LONELINESS OF
THE TRS-80 USER

by Stan Miastkowski

Stan Miastkowski

Stan Miastkowski is the computer columnist for Esquire and editor-in-chief of Microcomputer Handbook.

Okay, I'll come right out and say it: I own a TRS-080 (Model II, to be exact). When computer people get together, I sit quietly in the corner, a computer wallflower listening to the intelligentsia talk about their IBM PCs, TI Professionals or the latest hot personal computer they've added to their collection.
    Sooner or later someone notices me and the inevitable question comes: "Which computer do you have?" The room quiets, and after summoning all my courage
I blurt out: "A TRS-80 Model II." As my face flushes, I witness a mixture of open-mouthed disbelief and a few smirks. Then the remarks start:
    "A Trash-80 owner, eh?"
    "You've got to be kidding!"
    "And here I thought you knew about personal computers!"
    Admit it: it's the "Shack" name that creates the impression of "Friendly Fred's Reliable Computer Sales." Despite their location in Fort Worth, away from the hi-tech circles of Silicon Valley, the Radio Shack people are far from being just a bunch of Texas hicks.

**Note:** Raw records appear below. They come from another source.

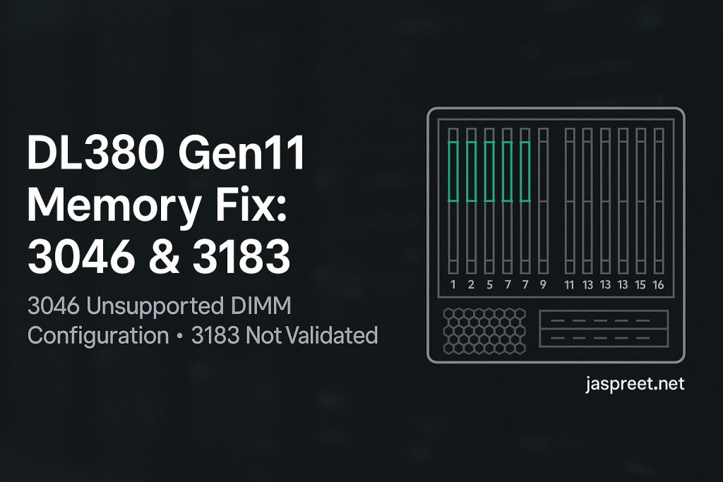 If you’ve just added RAM to a DL380 Gen11 and the server throws 3046 – Unsupported DIMM Configuration or 3183 – DIMM population not validated, don’t panic. In almost every case, nothing is “wrong” with the memory itself—the DIMMs are simply in the wrong slots for this generation’s layout rules.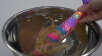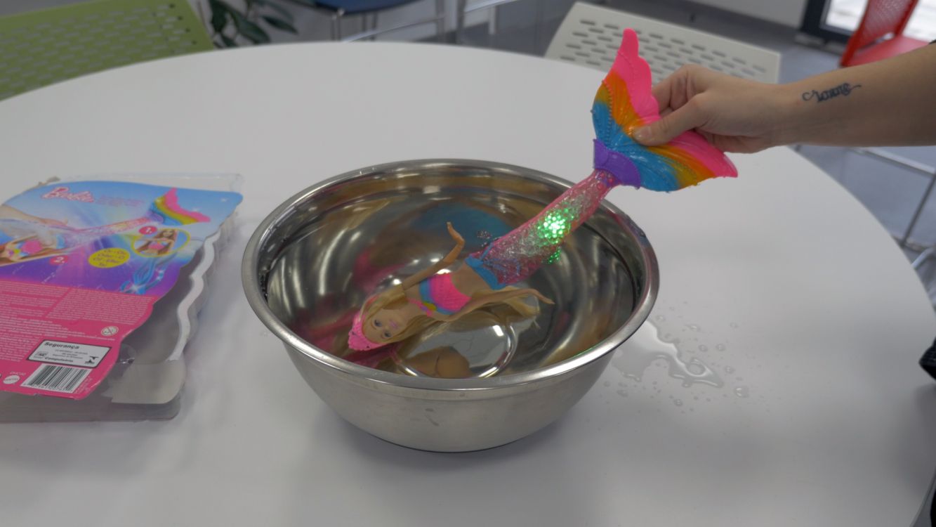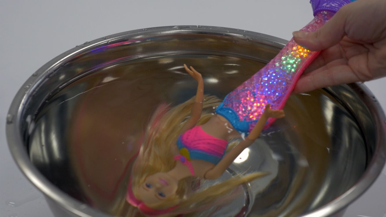 Superbe poupée multicolore, Barbie a revêtu son magnifique habit de sirène. Dans l’eau ou hors de l’eau, la nageoire de Barbie va s’illuminer grâce à plusieurs capteurs. Pour activer les multiples effets, il suffit d’appuyer sur le joyau du collier. La nageoire s’illumine de différentes façons à chaque fois. Il est aussi possible de les activer en plongeant la poupée dans l’eau en commençant par la tête. Les effets de lumière débutent automatiquement.
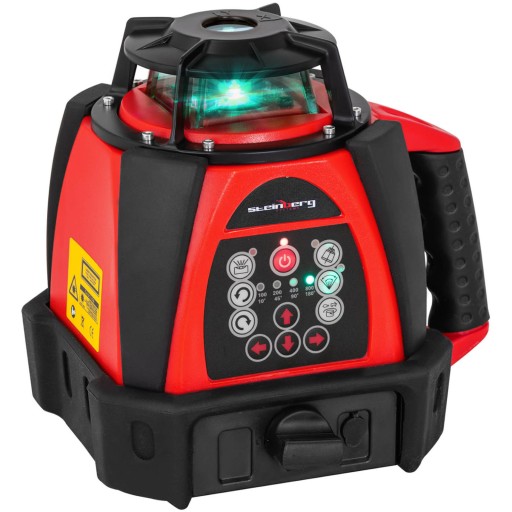 Laser obrotowy cechuje się doskonałą widocznością linii dzięki nadajnikowi o wysokiej intensywności. Emituje on zielony laser 2 klasy a wiązka jest jasna i wyraźna. Długość fali lasera to 520 nm. Z kolei zasięg widoczności to Ø40-50 m, a przy użyciu detektora nawet Ø500 m. Urządzenie samo się poziomuje w zakresie ±5. Dokładność lasera obrotowego wynosi ±20 w pionie i poziomie. Produkt posiada klasę ochrony IP54, jest więc wodoodporny. Dołączone akcesoria zapewniają wygodę korzystania z urządzenia.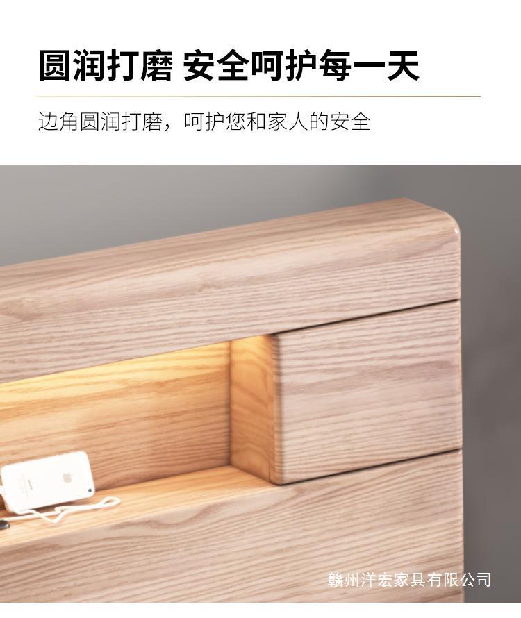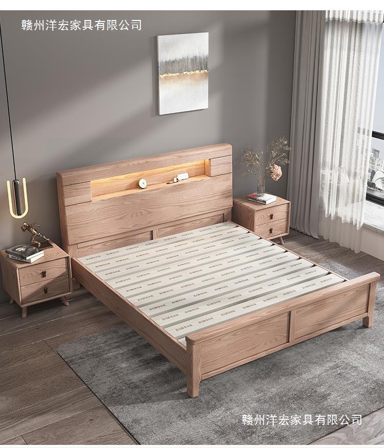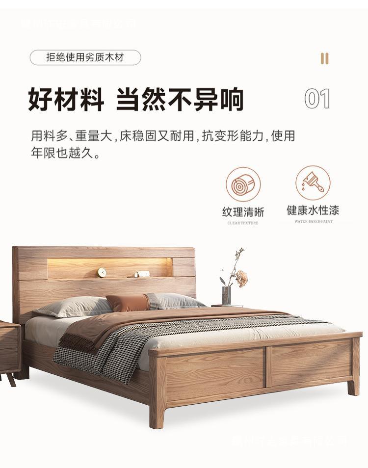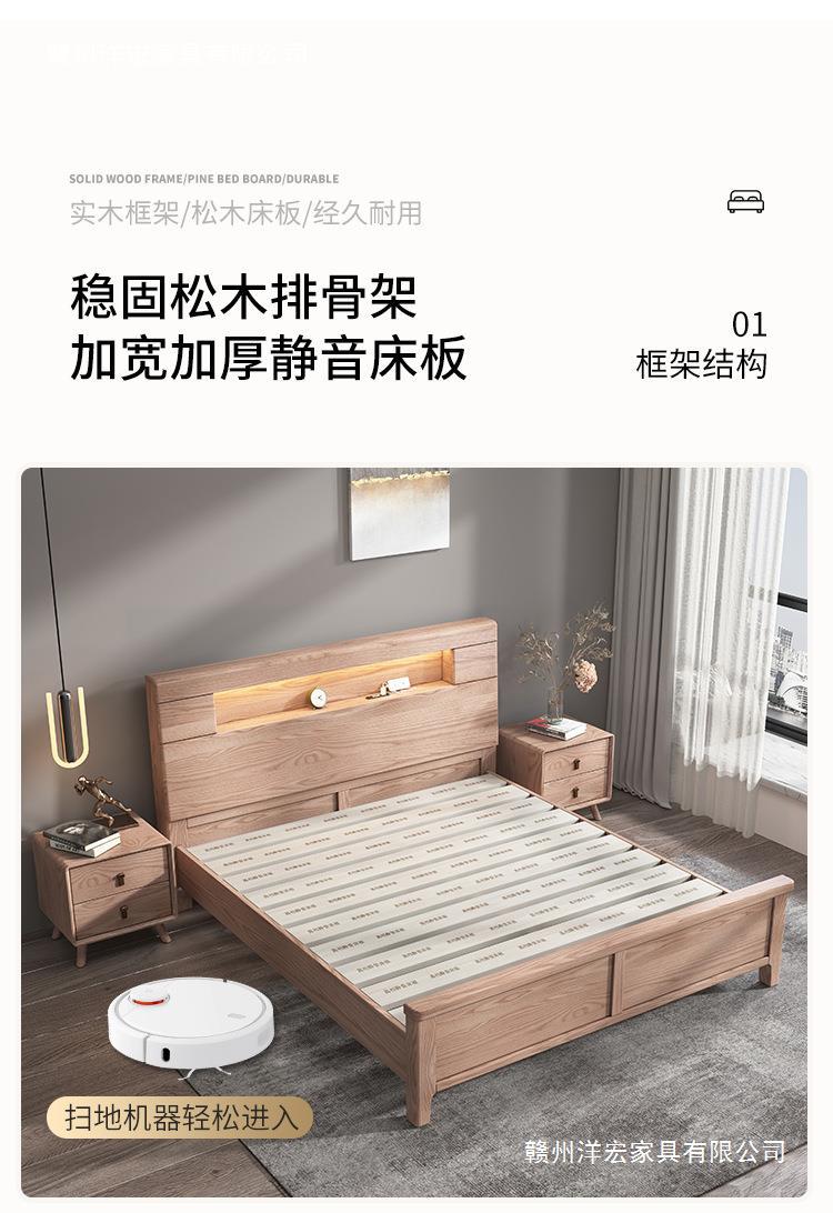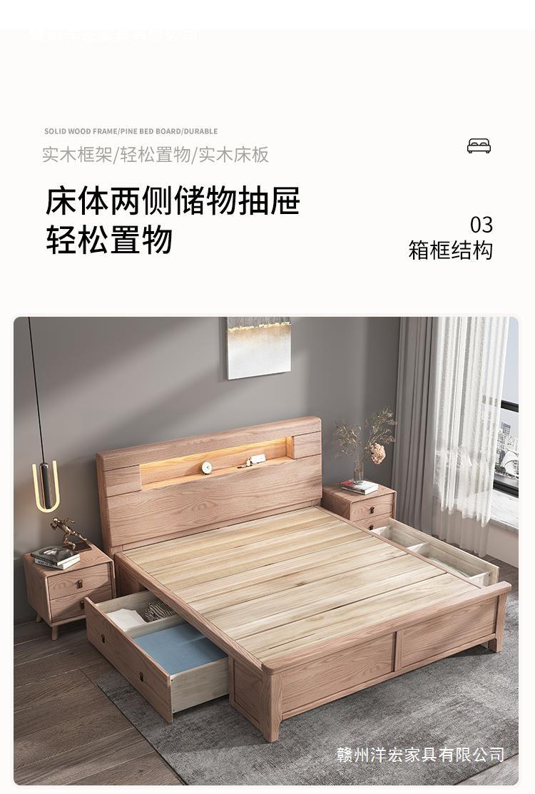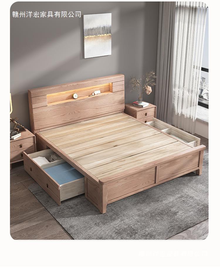 Cama de madera de cera blanca cama de madera maciza dormitorio principal 1,8 registro nórdico moderno estilo minimalista cama de madera maciza cama de presión de aire con cajón

I know whereof I speak, because I once worked in Tandy Center. Radio Shack's TRS-80 Model I had been out for over a year, and in that hot Texas summer of 1979 the Model II was being designed by a team of young engineers. I watched it progress from an idea to a finished computer. Using the best components and helped by the Shack's quality control department, the engineers developed a no-nonsense business computer.
    A year later I was in New Hampshire. I needed a computer for my writing, and one night the thought that had been buried at the back of my mind surfaced with a vengeance: "A Model II, of course!" The next morning I sat outside the store and waited for the doors to open. I knew how to handle Radio Shack salespeople. I regaled them with the story of the Model II's birth, and put my fingers to the keyboard of what seemed an old familiar friend. Sure, it wasn't cheap, but how can you say no to a friend? I handed over my "never leave home without it" card, and by afternoon a Model II was comfortably settled in my office. The reacquaintance was underway.
    Three years have passed, and my Model II still hums away contentedly after three books, dozens of magazine articles and uncounted letters. The hundreds of disks that have passed over its read/write heads are arranged like soldiers on the shelf-a library of programs and data that has served me well. And I'm smug in my satisfaction that if something should go wrong, my salvation is two miles away, not forty. Whenever I pass a Radio Shack store, I salute my former colleagues at Tandy Center.
    Don't get me wrong, the TRS-80 Model II is far from a perfect computer (there is no such thing as the perfect personal computer), but I've learned to live
with its idiosyncrasies. I know that if I turn the power off before removing my disks, all the data on the disks will be lost forever. In addition, after a bout of eyestrain and headaches, I had to replace the black-and-white video tube with an amber-tinted one.
    But when deadlines press I know the Model II will come through in the clutch. Although familiarity is supposed to breed contempt, it's a fact that people are most comfortable with the personal computer and the word processing program they first use. I started using SCRIPSIT (Radio Shack's word processor for the Model II) in 1979. In the interim I've used and reviewed numerous word processing programs, many touted as the ultimate in user-friendliness; but I still return to SCRIPSIT, where I can do wondrous things without even thinking about them.
    Incidentally, the computer nerds may not have Radio Shack to kick around much longer-not because the Shack's going out of the computer business like a few of its once high-and-mighty competitors, but because the executives in the top-floor oak-paneled offices at Tandy Center in Fort Worth have finally come to their senses. The company's "IBM-compatible" is no longer called Radio Shack. Instead, it's the Tandy. And that's just dandy.